February 11, 2015
“Beyond the Wall” Examines East Germany’s Design Culture
A new book exhaustively examines life and design in East Germany.
Communist East Germany developed a vibrant design culture of its own, with products like this Rema Trabant T6 radio from 1964–1965. The Wende Museum in Los Angeles has the largest collection of such objects in the country.
All artifact images courtesy the Wende Museum/Taschen
History is a tale constantly revised depending on the circumstances of its telling. And no modern tales are as fraught with multiple meanings as those of the Cold War era, which spanned more than four decades from the end of World War II in 1945 to the fall of socialist regimes in Europe from 1989 to 1991.
In an ambitious effort to illuminate this period’s multifaceted nature, Taschen Books published Beyond the Wall: Art and Artifacts from the GDR, a 904-page volume that offers readers over 2,500 objects from the Los Angeles–based Wende Museum’s more than 100,000-piece collection of items from the Eastern Bloc—the largest in the country. Since the museum was founded in 2002, it has become a repository for remnants of a fast-disappearing culture, repudiated by the former Soviet state that’s uncomfortable with its history.

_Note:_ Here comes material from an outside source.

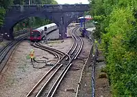 Trains also terminate here from White City 3 times an hour and use the crossover and siding to re-enter service westbound to White City. The siding is to the north of Newbury Park, accessible from both tracks near the station. Another crossover connects to the northbound track at the other end of the siding.[18]

The book is a labor of love by Benedikt Taschen and Justinian Jampol, and was designed by Benjamin Wolbergs.
Courtesy Taschen
It’s the only book of its kind because it shows the full spectrum of material culture from this era,” says Justinian Jampol, the book’s editor and founder of the Wende Museum. “It was a hard book to make because I knew there wasn’t going to be a single narrative.” Unlike other scholarly works, the tome—curated by publisher Benedikt Taschen—puts everyday items alongside official objects, fleshing out a three-dimensional portrait of East German life. In the book, as in the museum’s collection, a Sandman children’s toy is as important as Stasi handbooks; paper bags with shopping slogans as relevant as bright red parade banners used for ostentatious ceremonies; and home video stills of birthdays and vacations as significant as hand stamps used at border crossings. By the last page, readers find their eyes open to a more complex appreciation of a contentious era that still resonates with us today.